After finding the line with "tuşlarını kullanarak <Kullanıcı", restate it and each remaining line of the material word for word, omitting every picture.

Start of Block

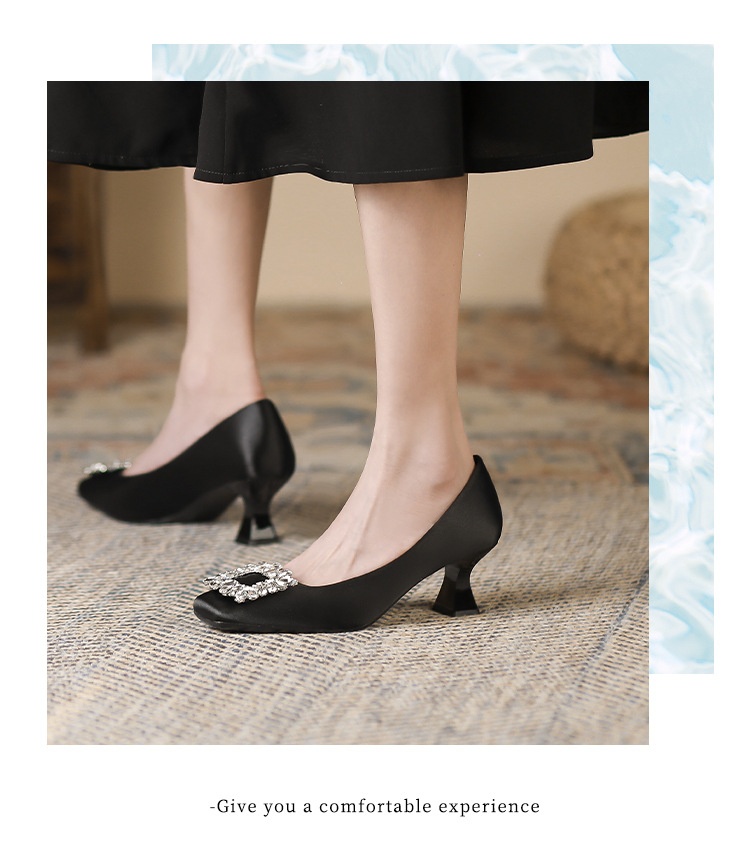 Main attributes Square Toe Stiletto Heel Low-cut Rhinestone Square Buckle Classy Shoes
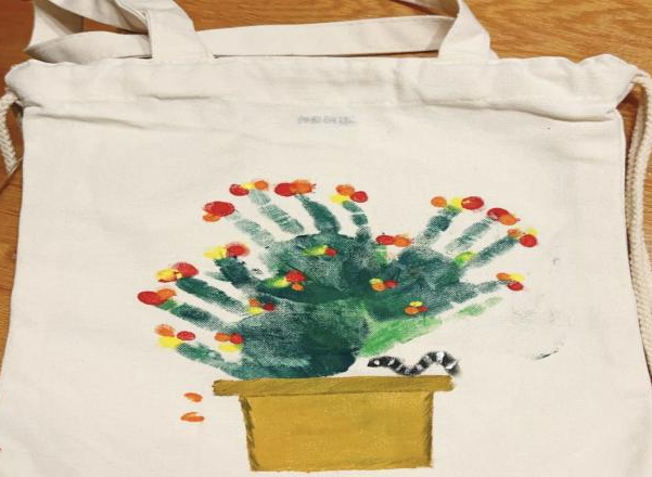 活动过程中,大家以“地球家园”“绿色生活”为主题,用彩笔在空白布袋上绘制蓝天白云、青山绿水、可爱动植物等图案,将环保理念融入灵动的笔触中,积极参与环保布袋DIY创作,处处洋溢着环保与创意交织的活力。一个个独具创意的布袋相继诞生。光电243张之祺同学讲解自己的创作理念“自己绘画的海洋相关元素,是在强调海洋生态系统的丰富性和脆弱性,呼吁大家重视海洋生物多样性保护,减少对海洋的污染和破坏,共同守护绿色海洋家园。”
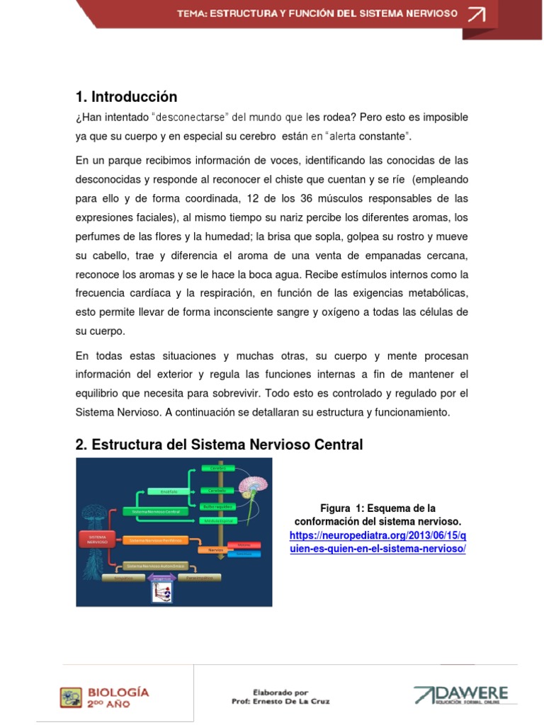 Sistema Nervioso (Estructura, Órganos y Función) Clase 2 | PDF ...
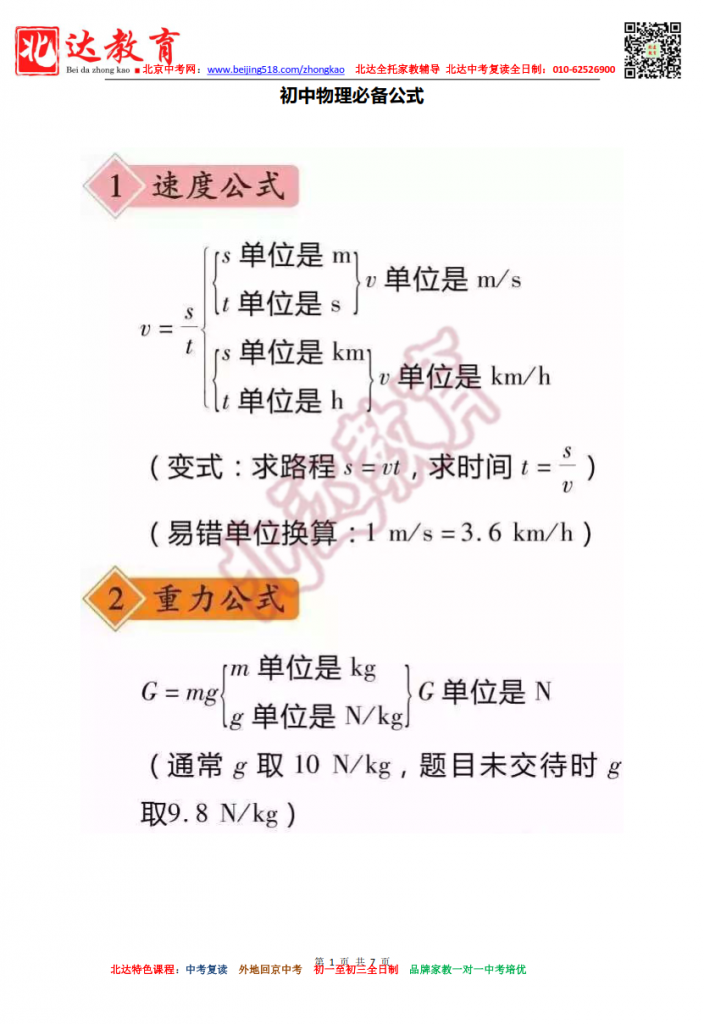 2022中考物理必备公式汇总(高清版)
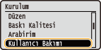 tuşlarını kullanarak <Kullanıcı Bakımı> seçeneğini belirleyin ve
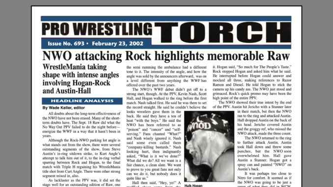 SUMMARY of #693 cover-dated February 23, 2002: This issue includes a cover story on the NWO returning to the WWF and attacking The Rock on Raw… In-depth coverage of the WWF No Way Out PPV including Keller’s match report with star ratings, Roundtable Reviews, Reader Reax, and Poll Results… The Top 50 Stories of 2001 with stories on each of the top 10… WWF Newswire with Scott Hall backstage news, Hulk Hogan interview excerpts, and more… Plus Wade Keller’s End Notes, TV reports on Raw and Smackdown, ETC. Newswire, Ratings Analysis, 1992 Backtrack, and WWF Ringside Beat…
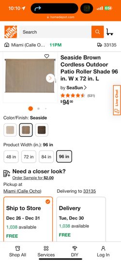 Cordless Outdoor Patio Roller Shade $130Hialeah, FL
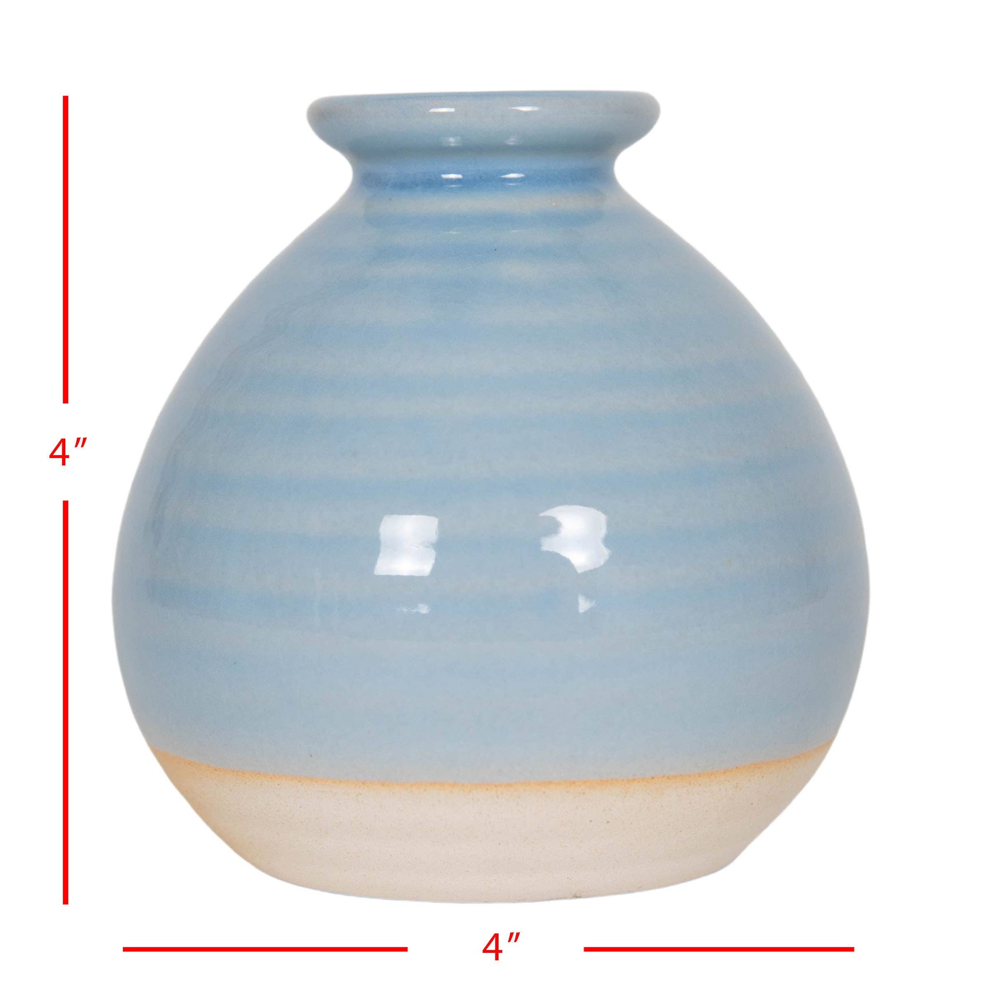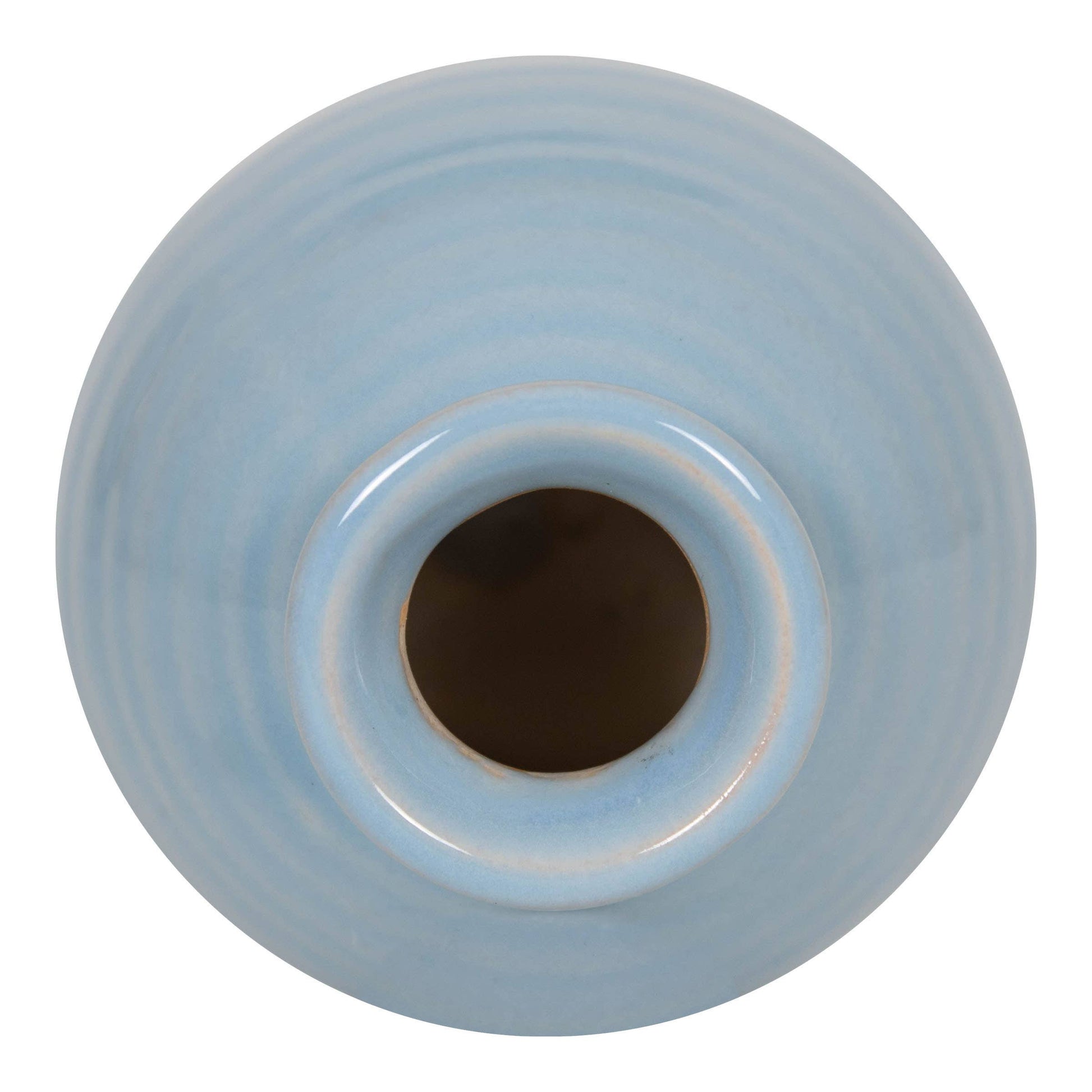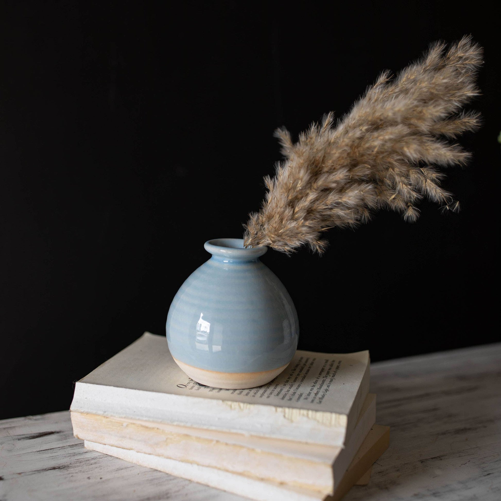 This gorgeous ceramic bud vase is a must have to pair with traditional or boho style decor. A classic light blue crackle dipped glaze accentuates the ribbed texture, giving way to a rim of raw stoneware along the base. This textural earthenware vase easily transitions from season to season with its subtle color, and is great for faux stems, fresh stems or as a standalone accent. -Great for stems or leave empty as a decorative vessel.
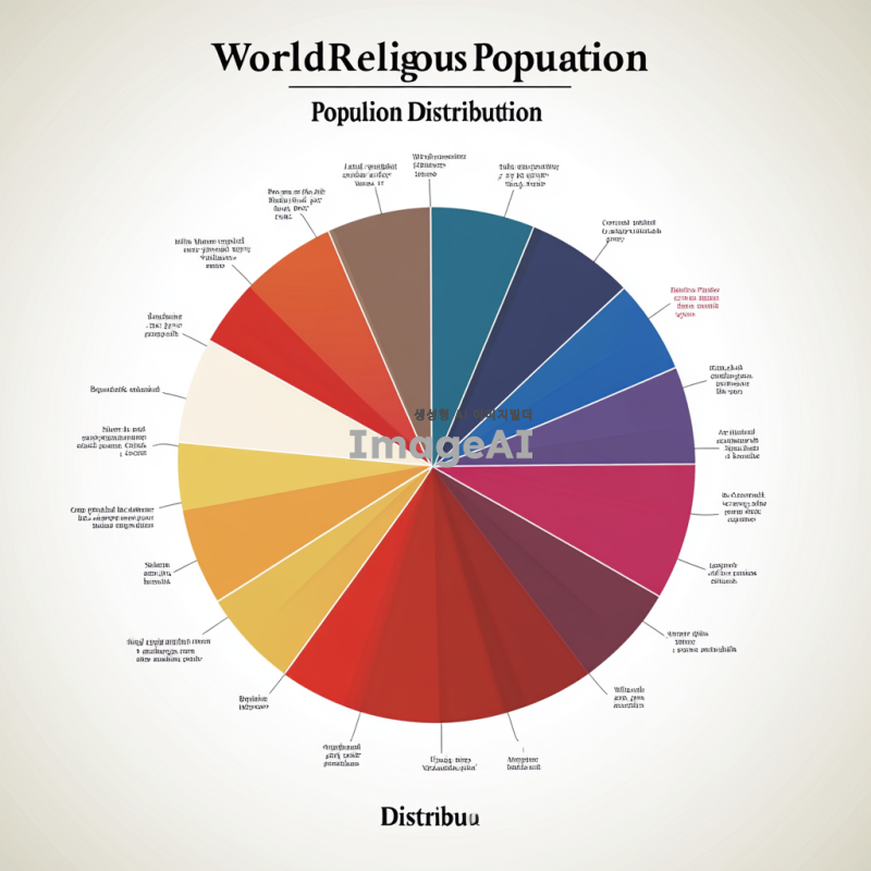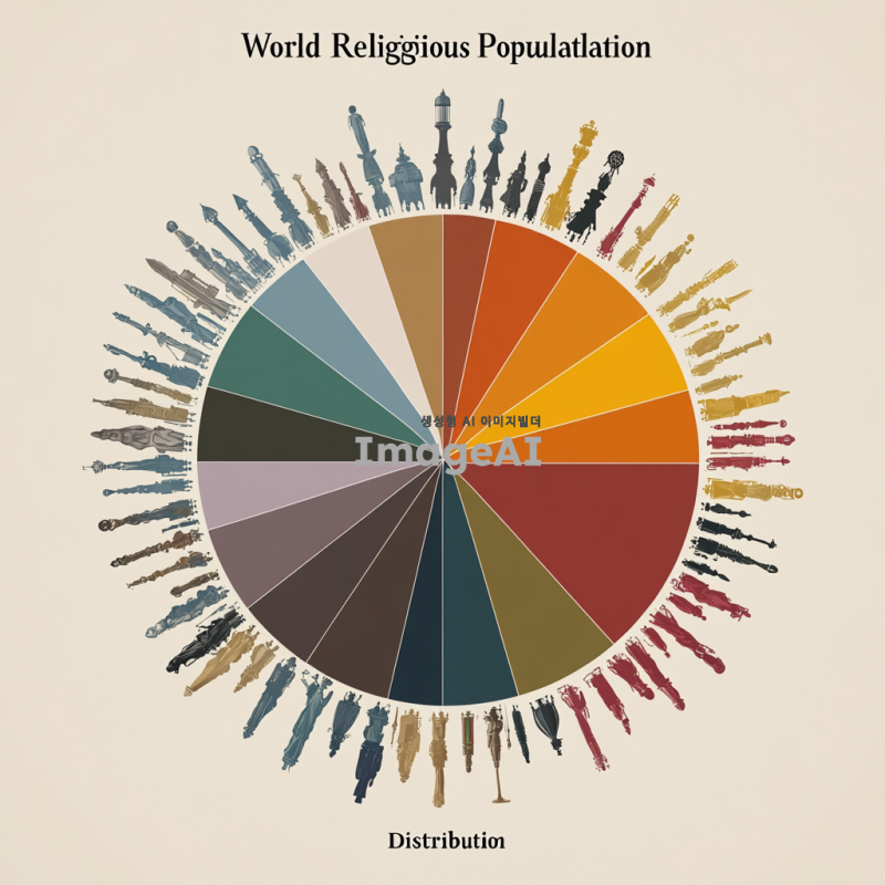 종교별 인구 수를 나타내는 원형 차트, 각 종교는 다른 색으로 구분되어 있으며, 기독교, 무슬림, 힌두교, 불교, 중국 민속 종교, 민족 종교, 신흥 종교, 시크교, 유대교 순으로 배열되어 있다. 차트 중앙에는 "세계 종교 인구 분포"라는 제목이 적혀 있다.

End of Block

ANSWER AREA:
 tuşlarını kullanarak <Kullanıcı Bakımı> seçeneğini belirleyin ve
 SUMMARY of #693 cover-dated February 23, 2002: This issue includes a cover story on the NWO returning to the WWF and attacking The Rock on Raw… In-depth coverage of the WWF No Way Out PPV including Keller’s match report with star ratings, Roundtable Reviews, Reader Reax, and Poll Results… The Top 50 Stories of 2001 with stories on each of the top 10… WWF Newswire with Scott Hall backstage news, Hulk Hogan interview excerpts, and more… Plus Wade Keller’s End Notes, TV reports on Raw and Smackdown, ETC. Newswire, Ratings Analysis, 1992 Backtrack, and WWF Ringside Beat…
 Cordless Outdoor Patio Roller Shade $130Hialeah, FL
 This gorgeous ceramic bud vase is a must have to pair with traditional or boho style decor. A classic light blue crackle dipped glaze accentuates the ribbed texture, giving way to a rim of raw stoneware along the base. This textural earthenware vase easily transitions from season to season with its subtle color, and is great for faux stems, fresh stems or as a standalone accent. -Great for stems or leave empty as a decorative vessel.
 종교별 인구 수를 나타내는 원형 차트, 각 종교는 다른 색으로 구분되어 있으며, 기독교, 무슬림, 힌두교, 불교, 중국 민속 종교, 민족 종교, 신흥 종교, 시크교, 유대교 순으로 배열되어 있다. 차트 중앙에는 "세계 종교 인구 분포"라는 제목이 적혀 있다.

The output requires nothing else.